TASK DETAILS - From the records below, print only the part that opens with the line containing "繁昌县荻港老许香菜有限责任公" and closes with the line containing "Venerdì 2 agosto"; omit the pictures.

MATERIAL SHOWN -

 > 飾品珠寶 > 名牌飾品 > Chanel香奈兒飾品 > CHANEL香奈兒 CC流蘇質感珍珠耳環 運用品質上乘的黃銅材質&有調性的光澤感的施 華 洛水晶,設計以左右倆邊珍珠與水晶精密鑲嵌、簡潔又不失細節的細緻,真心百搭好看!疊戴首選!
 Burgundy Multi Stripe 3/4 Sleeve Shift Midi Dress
==
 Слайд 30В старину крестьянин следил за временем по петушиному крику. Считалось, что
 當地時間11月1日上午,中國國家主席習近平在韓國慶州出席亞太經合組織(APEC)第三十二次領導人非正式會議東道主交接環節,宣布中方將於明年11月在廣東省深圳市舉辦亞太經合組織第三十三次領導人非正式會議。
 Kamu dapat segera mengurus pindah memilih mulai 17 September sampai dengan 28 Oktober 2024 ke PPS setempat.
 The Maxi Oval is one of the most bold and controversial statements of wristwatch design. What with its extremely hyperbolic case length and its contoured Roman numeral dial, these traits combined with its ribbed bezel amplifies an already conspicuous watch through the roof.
* * *
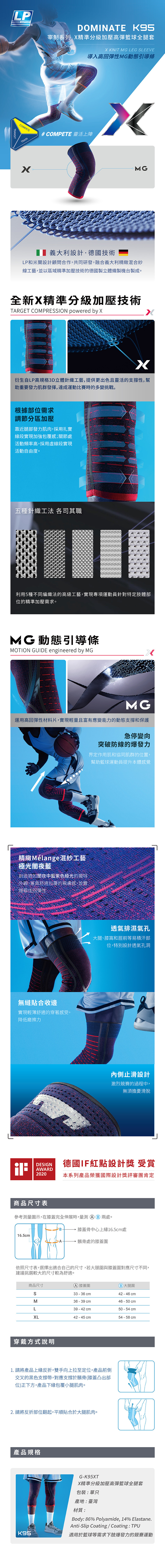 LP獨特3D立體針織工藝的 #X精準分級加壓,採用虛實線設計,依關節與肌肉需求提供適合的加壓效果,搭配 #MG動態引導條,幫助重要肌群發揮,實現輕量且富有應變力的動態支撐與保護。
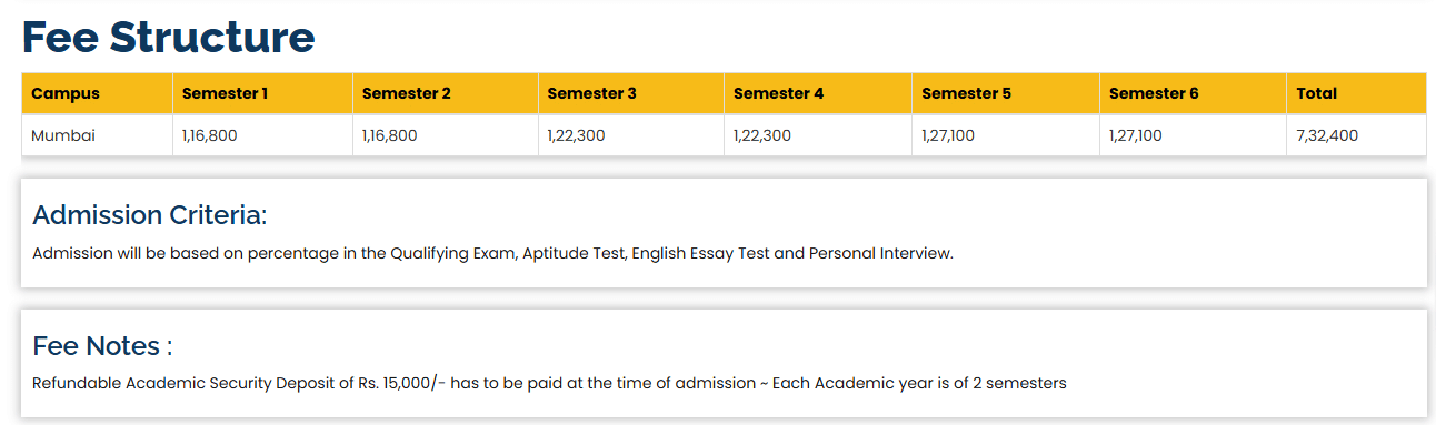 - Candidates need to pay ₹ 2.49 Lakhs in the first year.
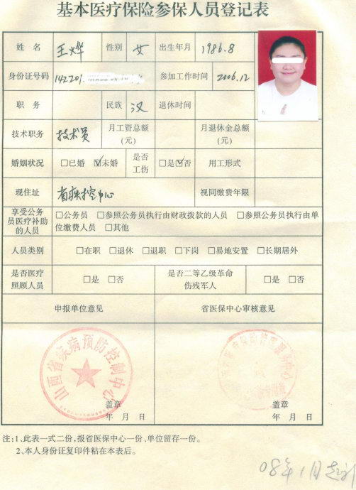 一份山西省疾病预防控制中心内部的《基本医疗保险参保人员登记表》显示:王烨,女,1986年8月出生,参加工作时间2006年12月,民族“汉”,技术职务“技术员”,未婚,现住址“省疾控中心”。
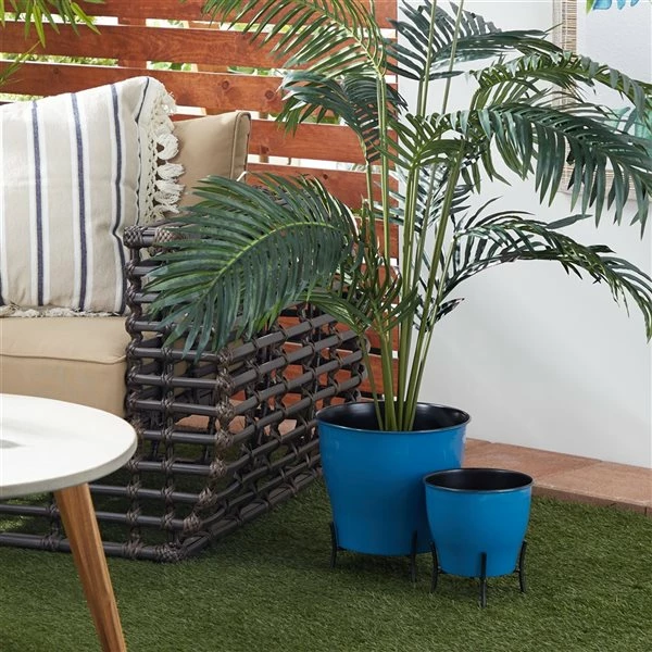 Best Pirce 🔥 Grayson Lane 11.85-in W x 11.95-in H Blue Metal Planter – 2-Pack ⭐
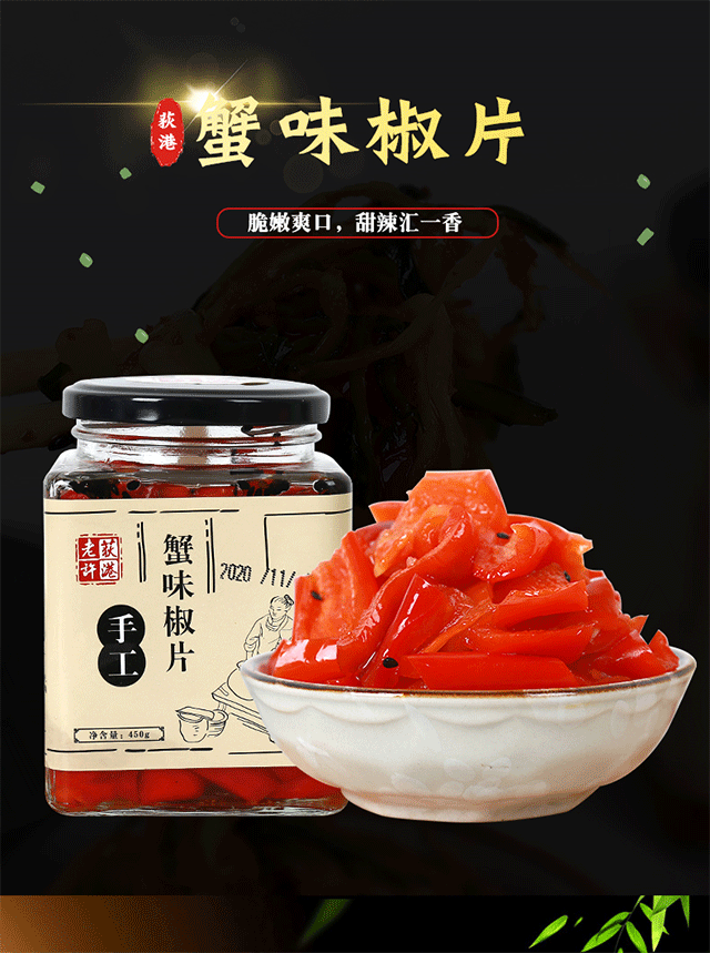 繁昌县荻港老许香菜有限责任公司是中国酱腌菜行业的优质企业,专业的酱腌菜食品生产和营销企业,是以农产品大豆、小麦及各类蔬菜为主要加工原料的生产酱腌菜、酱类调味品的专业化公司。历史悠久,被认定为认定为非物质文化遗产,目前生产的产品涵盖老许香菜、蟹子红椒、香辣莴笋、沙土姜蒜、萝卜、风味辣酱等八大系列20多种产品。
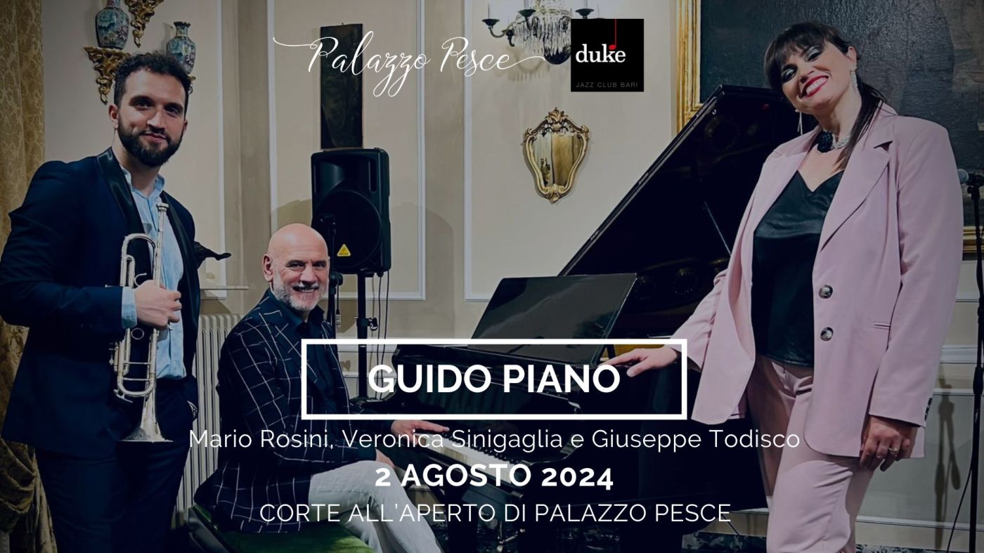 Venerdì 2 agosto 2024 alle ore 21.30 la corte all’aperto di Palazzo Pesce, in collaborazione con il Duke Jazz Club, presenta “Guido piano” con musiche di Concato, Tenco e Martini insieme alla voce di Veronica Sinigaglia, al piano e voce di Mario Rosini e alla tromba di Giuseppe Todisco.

ANSWER TO THIS EXERCISE -
 繁昌县荻港老许香菜有限责任公司是中国酱腌菜行业的优质企业,专业的酱腌菜食品生产和营销企业,是以农产品大豆、小麦及各类蔬菜为主要加工原料的生产酱腌菜、酱类调味品的专业化公司。历史悠久,被认定为认定为非物质文化遗产,目前生产的产品涵盖老许香菜、蟹子红椒、香辣莴笋、沙土姜蒜、萝卜、风味辣酱等八大系列20多种产品。
 Venerdì 2 agosto 2024 alle ore 21.30 la corte all’aperto di Palazzo Pesce, in collaborazione con il Duke Jazz Club, presenta “Guido piano” con musiche di Concato, Tenco e Martini insieme alla voce di Veronica Sinigaglia, al piano e voce di Mario Rosini e alla tromba di Giuseppe Todisco.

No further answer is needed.